Saved entries:
━━━━━━━━━━━━━━━━
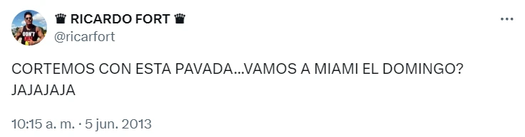 Luego de varios partidos, finalmente Argentina pasó a la gran final de la Copa América 2024. Por lo que, el domingo jugará en el Hard Rock Stadium ubicado en Miami Gardens, Florida. En este contexto, en las últimas horas se comenzó a viralizar un tuit de Ricardo Fort del 5 de junio de 2013, en el que hacía referencia a viajar a la ciudad estadounidense, con la que tanto se lo relacionó.
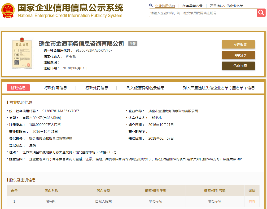 “瑞金市金通商务信息咨询有限公司”已注销。
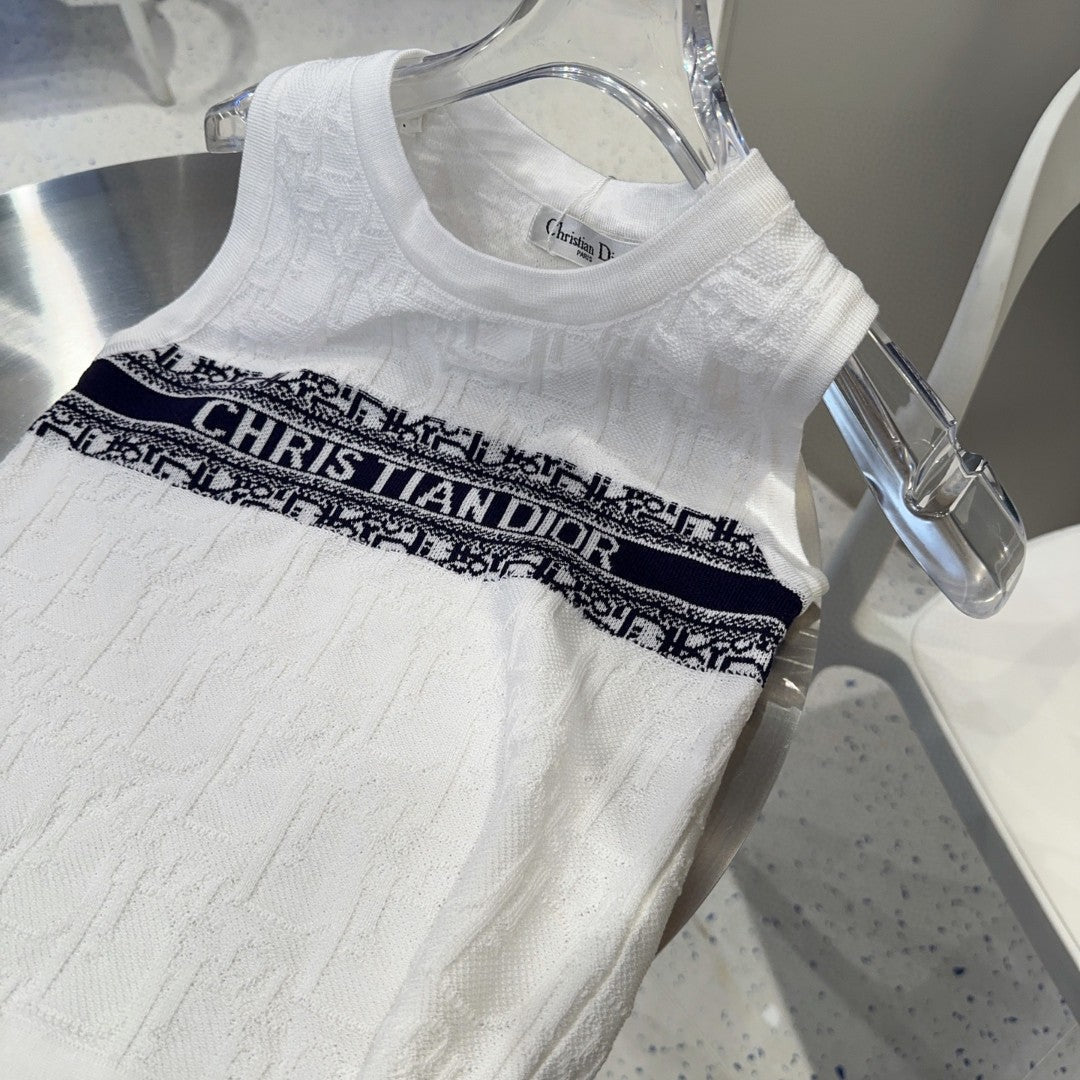 SLEEVELESS TOP 643222 IN WHITE COTTON BLACK LOGO
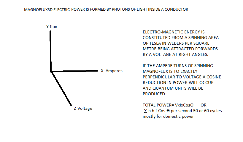 Thus the photon area x,y is measured in Tesla/m^2 but magnoflux is spinning Tesla as per Maxwell’s corkscrew rule with the formula 2ПhfCosine Ф where h is Planck constant and f frequency in cycles/second Hz but to spot the instantaneous sync point of the rotating flux it needs a further 0 to360 degree angle Ф unit at dt to be added to the formula.
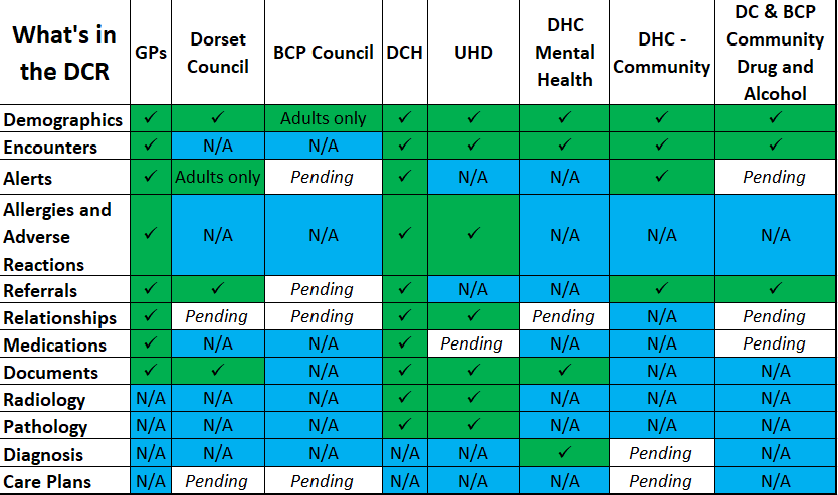 The data available in the DCR includes: Demographics (with data first from PDS/NHS Spine and then any extra from Partners), Encounters, Alerts, Allergies and Adverse Reactions, Referrals, Relationships, Medications, Correspondence, Radiology, Pathology, Care Plans.
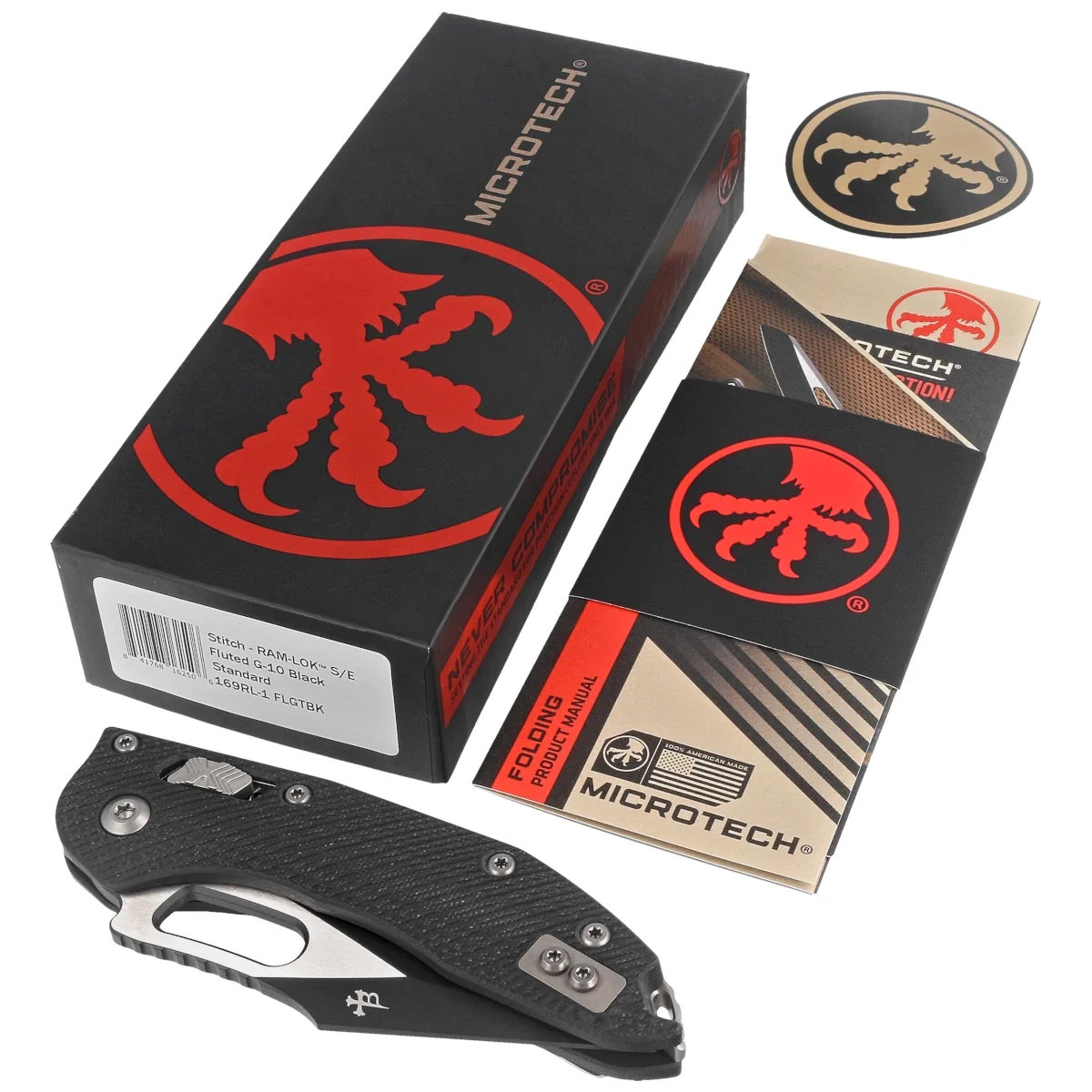 Nóż składany Microtech Stitch Ram-Lok S/E Fluted Black G10, Black M390MK by Borka Blades and Tony Marfione (169RL-1FLGTBK)
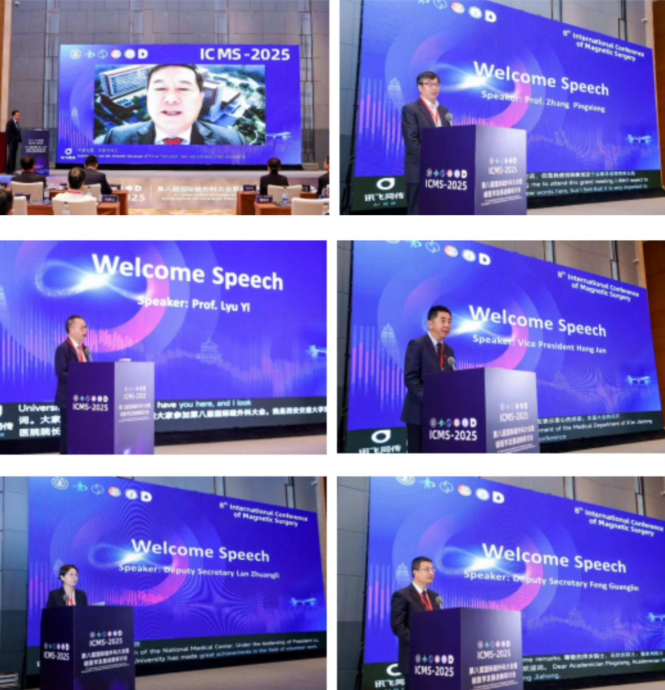 大会主席、中国工程院院士董家鸿通过线上方式致辞。他指出,磁外科不仅是一项技术突破,更是对现代外科理念的一次深刻重塑,并高度赞扬了吕毅教授团队的坚守与执着。大会主席、西安交通大学第一附属医院吕毅教授致辞,他向长期支持磁外科发展的各位同仁表示感谢,并希望通过大家的共同努力,为全球医学发展贡献更多的“中国智慧”和“中国方案”。西安交通大学党委副校长洪军致辞,他表示,磁外科是学校传承“西迁精神”、深化医工交叉的典范,展现了广阔的应用前景与强大的创新活力。陕西省委科技工委副书记兰壮丽致辞,她强调,省科技厅会一如既往大力支持交大一附院建设国家医学中心以及磁外科的发展。西安交通大学第一附属医院党委副书记冯广林致辞,他介绍了医院作为国家医学中心创建单位,在磁外科领域积极布局,并获得了国际同行的高度肯定。中国工程院院士张平祥致辞,他赞誉磁外科是医工交叉合作结出的硕果,并对中国原创技术引领世界前沿感到自豪,鼓励与会同仁继续深化合作,共同推动磁外科事业迈向新的高峰。
━━━━━━━━━━━━━━━━
■ Exercise prompt
From the records above, write out exactly the lines that begin at the line with "Thus the photon" and end at the line with "The data available". Pictures must not appear in the output.

■ Exercise answer
 Thus the photon area x,y is measured in Tesla/m^2 but magnoflux is spinning Tesla as per Maxwell’s corkscrew rule with the formula 2ПhfCosine Ф where h is Planck constant and f frequency in cycles/second Hz but to spot the instantaneous sync point of the rotating flux it needs a further 0 to360 degree angle Ф unit at dt to be added to the formula.
 The data available in the DCR includes: Demographics (with data first from PDS/NHS Spine and then any extra from Partners), Encounters, Alerts, Allergies and Adverse Reactions, Referrals, Relationships, Medications, Correspondence, Radiology, Pathology, Care Plans.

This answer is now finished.